> [Action item]:
Would you print all of the entries exactly, please, but without their pictures?

Records supplied section start

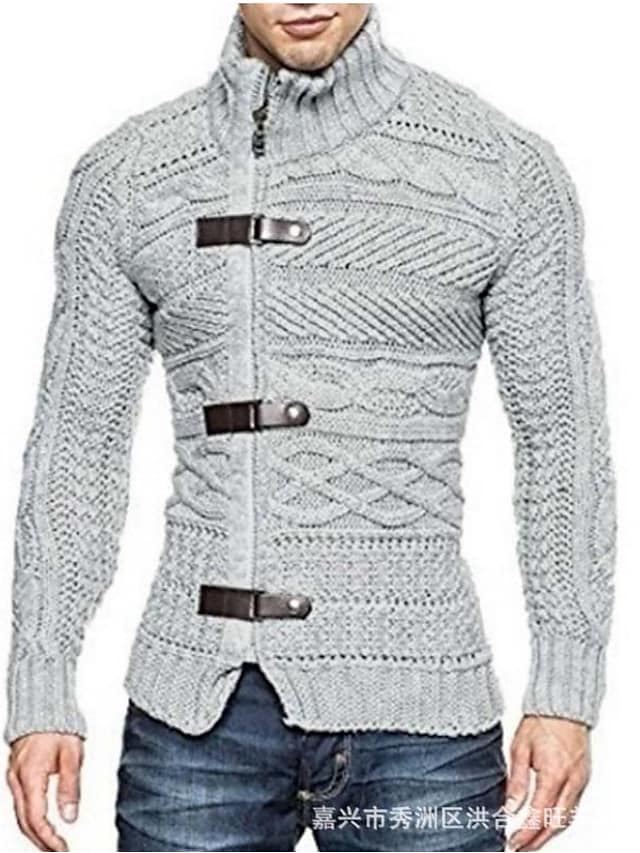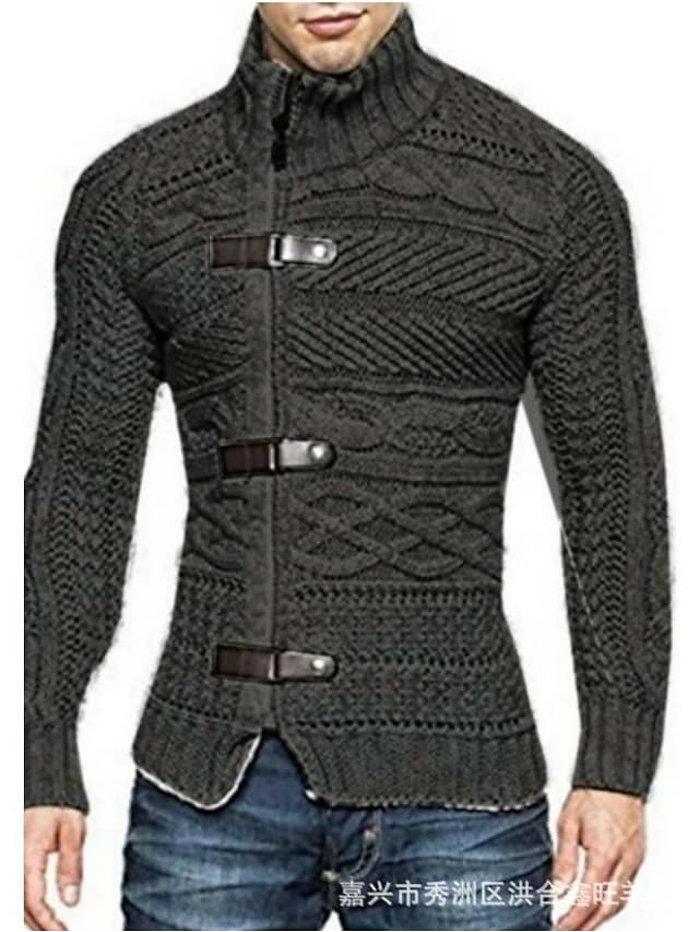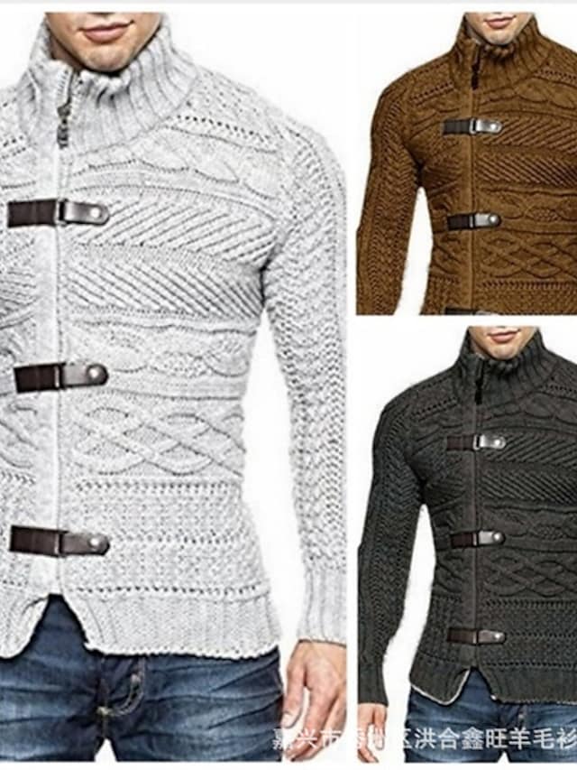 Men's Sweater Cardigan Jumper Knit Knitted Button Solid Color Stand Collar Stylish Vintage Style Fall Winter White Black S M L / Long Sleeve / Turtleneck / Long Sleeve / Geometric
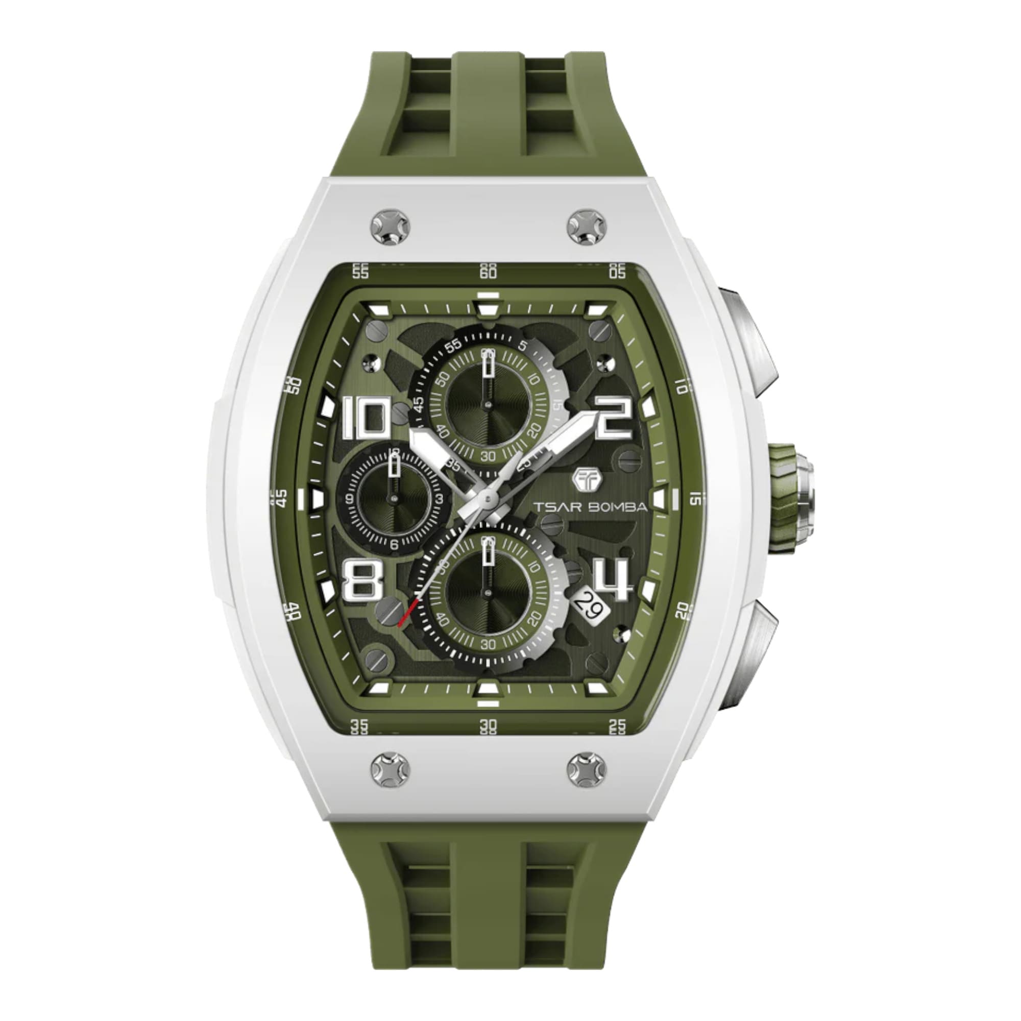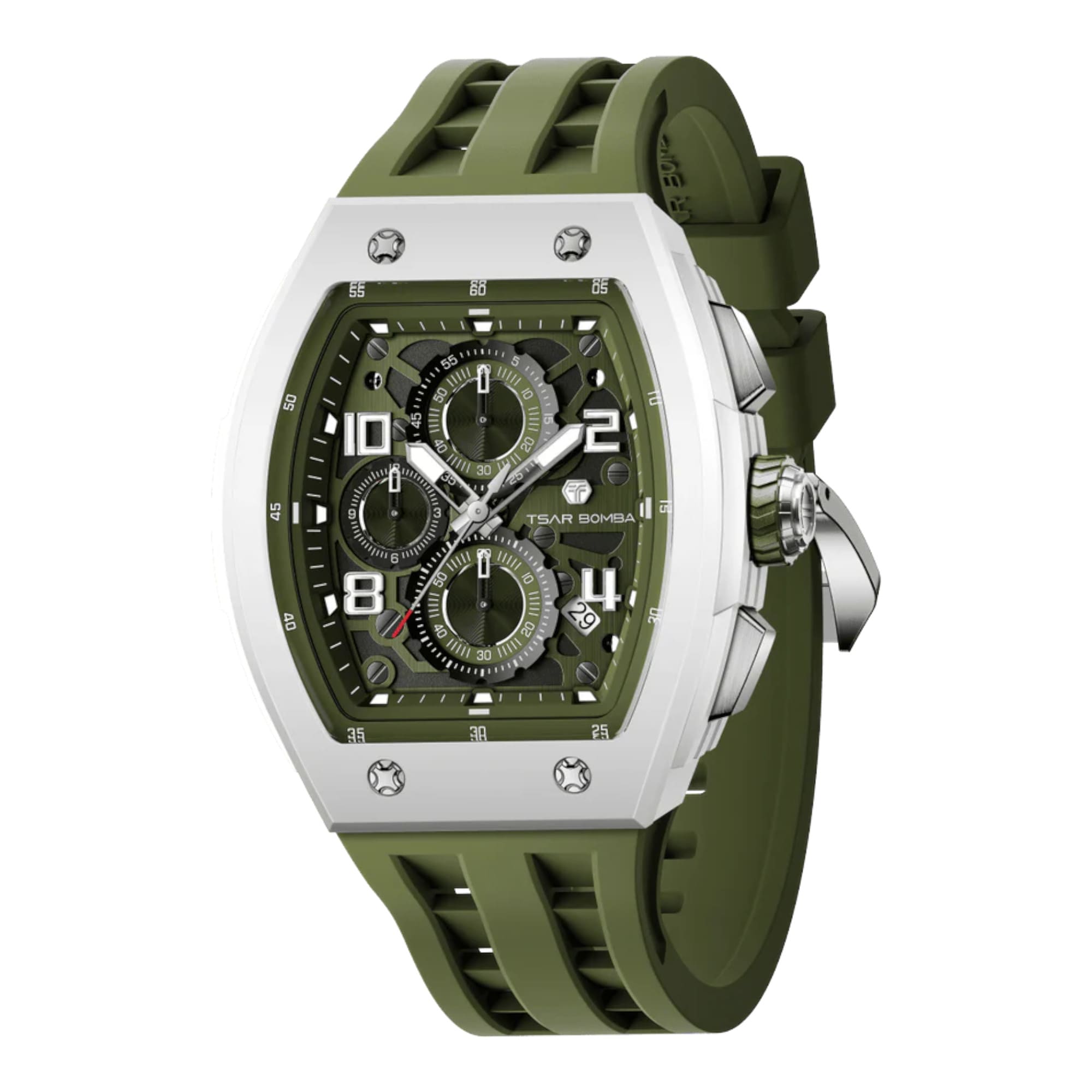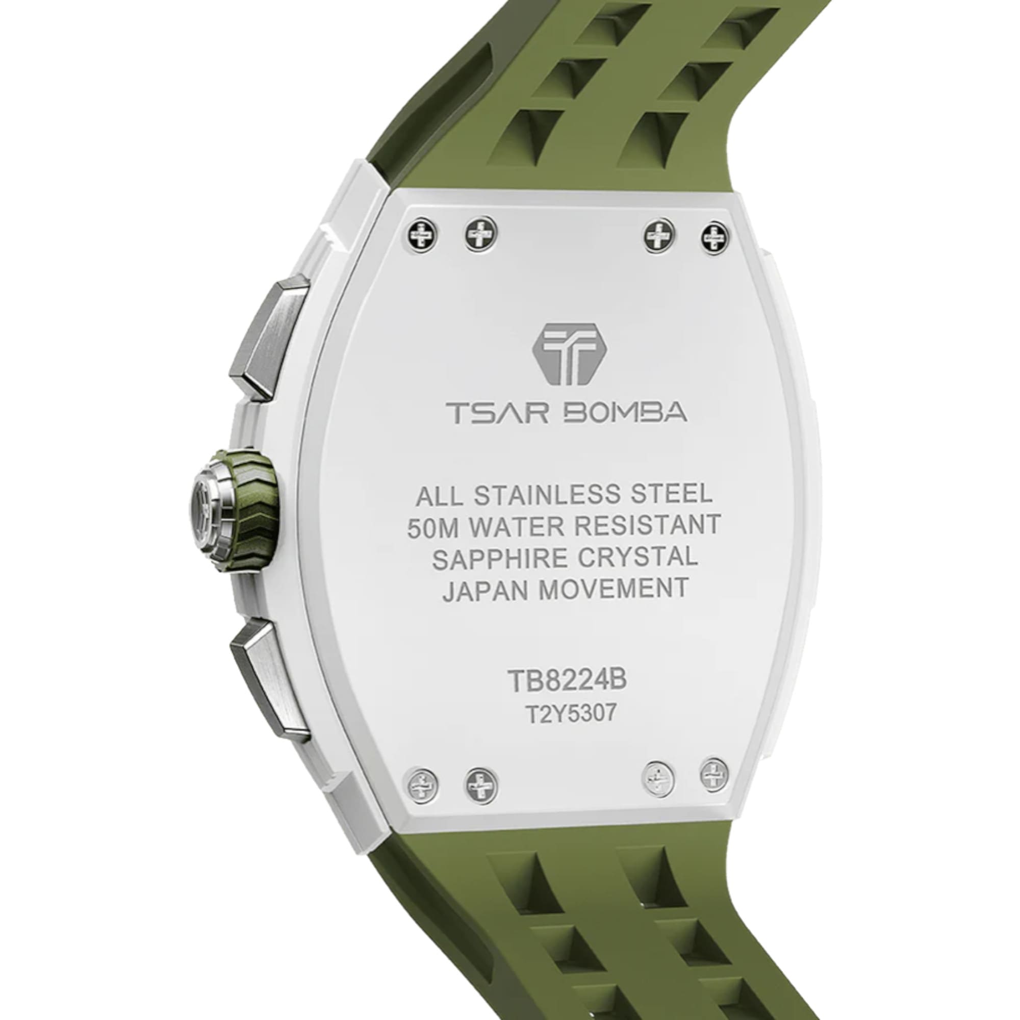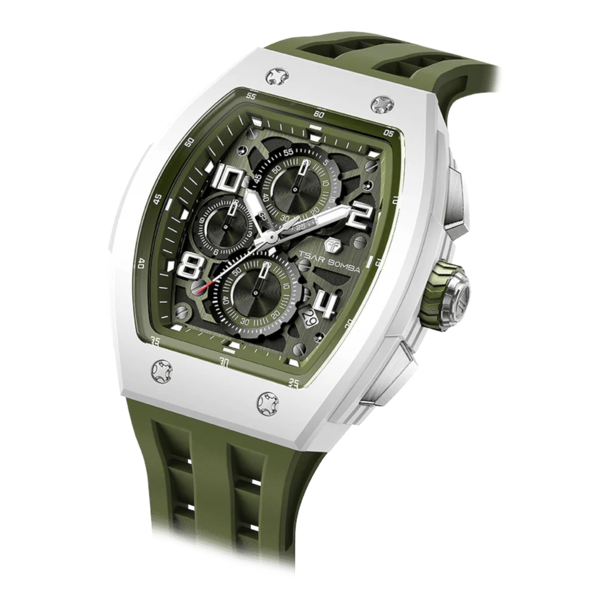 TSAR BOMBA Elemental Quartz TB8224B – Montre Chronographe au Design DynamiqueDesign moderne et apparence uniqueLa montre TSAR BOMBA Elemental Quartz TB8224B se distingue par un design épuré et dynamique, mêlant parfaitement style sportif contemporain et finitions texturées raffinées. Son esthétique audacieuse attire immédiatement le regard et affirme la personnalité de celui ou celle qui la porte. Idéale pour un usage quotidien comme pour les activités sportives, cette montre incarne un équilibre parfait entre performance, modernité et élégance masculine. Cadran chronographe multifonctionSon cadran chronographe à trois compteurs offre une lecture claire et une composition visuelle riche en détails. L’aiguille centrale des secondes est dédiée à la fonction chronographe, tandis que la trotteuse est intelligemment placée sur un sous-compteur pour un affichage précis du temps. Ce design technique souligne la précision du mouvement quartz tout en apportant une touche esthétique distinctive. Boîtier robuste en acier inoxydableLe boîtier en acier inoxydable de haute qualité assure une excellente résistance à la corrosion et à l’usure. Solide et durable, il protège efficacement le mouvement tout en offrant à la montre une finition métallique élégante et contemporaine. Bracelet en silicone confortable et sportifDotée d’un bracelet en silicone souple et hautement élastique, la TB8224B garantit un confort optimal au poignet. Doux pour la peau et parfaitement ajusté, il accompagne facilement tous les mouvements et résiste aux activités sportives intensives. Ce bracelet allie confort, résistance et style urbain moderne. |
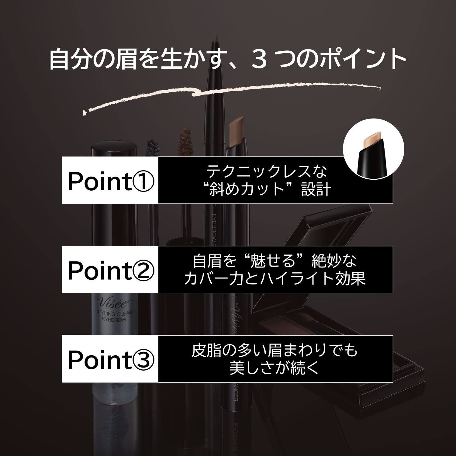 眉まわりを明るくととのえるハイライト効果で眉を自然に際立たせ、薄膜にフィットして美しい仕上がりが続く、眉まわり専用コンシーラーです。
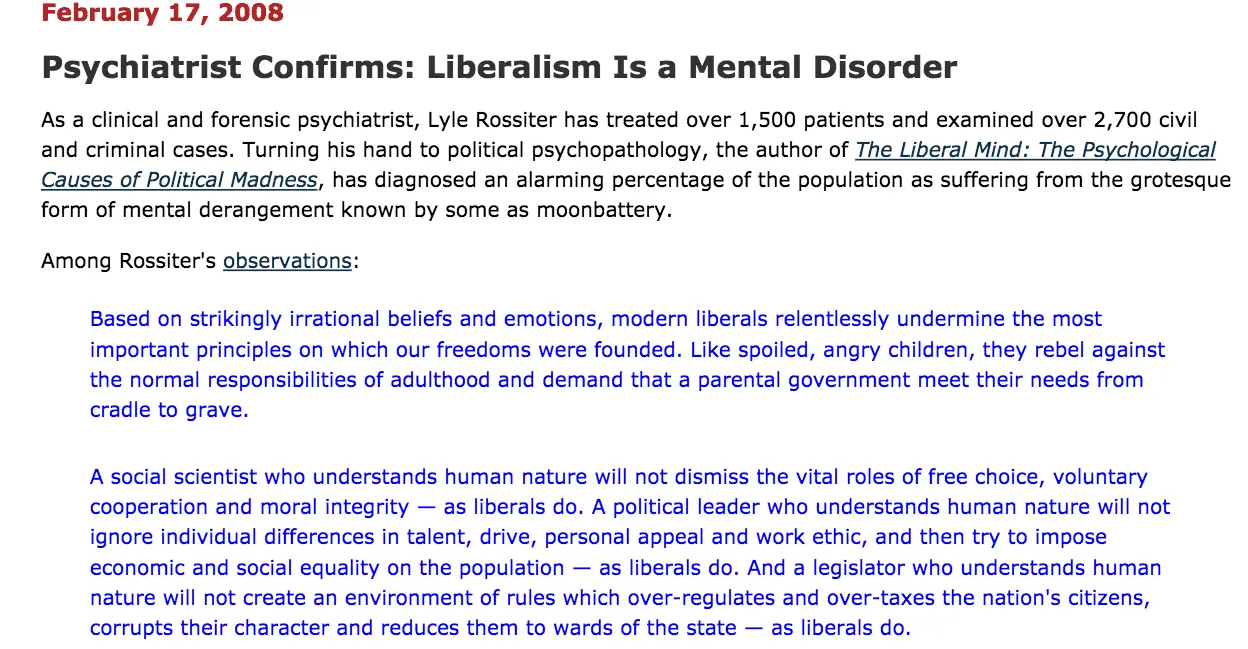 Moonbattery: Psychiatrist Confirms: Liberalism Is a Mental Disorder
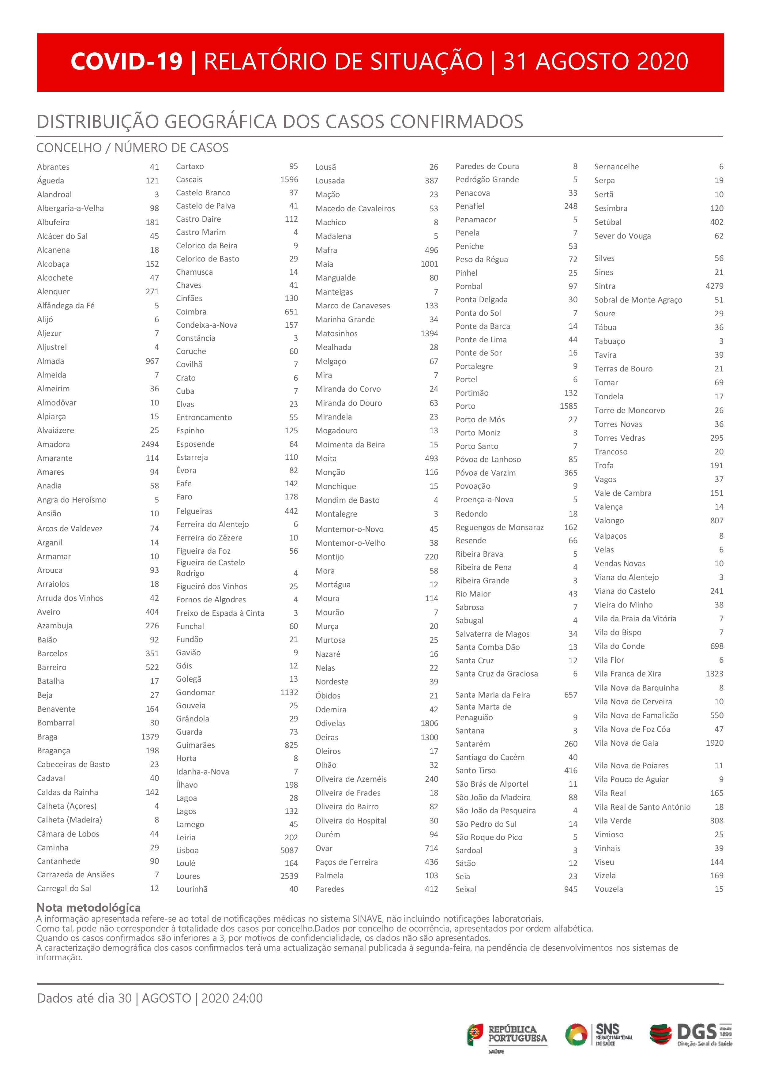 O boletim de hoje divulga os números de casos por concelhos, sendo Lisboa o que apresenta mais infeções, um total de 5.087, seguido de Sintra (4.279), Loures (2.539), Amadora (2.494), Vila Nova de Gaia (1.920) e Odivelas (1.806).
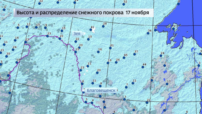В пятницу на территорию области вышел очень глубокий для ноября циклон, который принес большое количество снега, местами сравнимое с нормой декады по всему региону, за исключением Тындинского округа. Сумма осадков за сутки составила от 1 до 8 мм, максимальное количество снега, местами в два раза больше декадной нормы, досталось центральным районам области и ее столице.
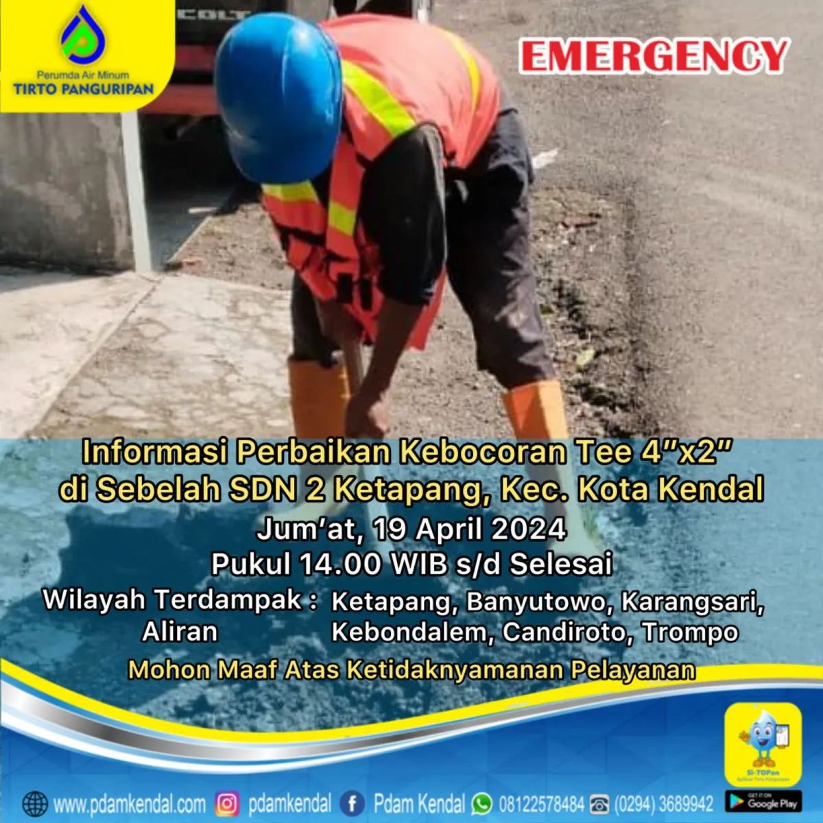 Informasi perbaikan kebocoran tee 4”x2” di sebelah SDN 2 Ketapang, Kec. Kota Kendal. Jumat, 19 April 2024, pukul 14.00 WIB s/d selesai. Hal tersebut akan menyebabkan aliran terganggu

Records supplied section end

> [Task answer]:
 Men's Sweater Cardigan Jumper Knit Knitted Button Solid Color Stand Collar Stylish Vintage Style Fall Winter White Black S M L / Long Sleeve / Turtleneck / Long Sleeve / Geometric
 TSAR BOMBA Elemental Quartz TB8224B – Montre Chronographe au Design DynamiqueDesign moderne et apparence uniqueLa montre TSAR BOMBA Elemental Quartz TB8224B se distingue par un design épuré et dynamique, mêlant parfaitement style sportif contemporain et finitions texturées raffinées. Son esthétique audacieuse attire immédiatement le regard et affirme la personnalité de celui ou celle qui la porte. Idéale pour un usage quotidien comme pour les activités sportives, cette montre incarne un équilibre parfait entre performance, modernité et élégance masculine. Cadran chronographe multifonctionSon cadran chronographe à trois compteurs offre une lecture claire et une composition visuelle riche en détails. L’aiguille centrale des secondes est dédiée à la fonction chronographe, tandis que la trotteuse est intelligemment placée sur un sous-compteur pour un affichage précis du temps. Ce design technique souligne la précision du mouvement quartz tout en apportant une touche esthétique distinctive. Boîtier robuste en acier inoxydableLe boîtier en acier inoxydable de haute qualité assure une excellente résistance à la corrosion et à l’usure. Solide et durable, il protège efficacement le mouvement tout en offrant à la montre une finition métallique élégante et contemporaine. Bracelet en silicone confortable et sportifDotée d’un bracelet en silicone souple et hautement élastique, la TB8224B garantit un confort optimal au poignet. Doux pour la peau et parfaitement ajusté, il accompagne facilement tous les mouvements et résiste aux activités sportives intensives. Ce bracelet allie confort, résistance et style urbain moderne. |
 眉まわりを明るくととのえるハイライト効果で眉を自然に際立たせ、薄膜にフィットして美しい仕上がりが続く、眉まわり専用コンシーラーです。
 Moonbattery: Psychiatrist Confirms: Liberalism Is a Mental Disorder
 O boletim de hoje divulga os números de casos por concelhos, sendo Lisboa o que apresenta mais infeções, um total de 5.087, seguido de Sintra (4.279), Loures (2.539), Amadora (2.494), Vila Nova de Gaia (1.920) e Odivelas (1.806).
В пятницу на территорию области вышел очень глубокий для ноября циклон, который принес большое количество снега, местами сравнимое с нормой декады по всему региону, за исключением Тындинского округа. Сумма осадков за сутки составила от 1 до 8 мм, максимальное количество снега, местами в два раза больше декадной нормы, досталось центральным районам области и ее столице.
 Informasi perbaikan kebocoran tee 4”x2” di sebelah SDN 2 Ketapang, Kec. Kota Kendal. Jumat, 19 April 2024, pukul 14.00 WIB s/d selesai. Hal tersebut akan menyebabkan aliran terganggu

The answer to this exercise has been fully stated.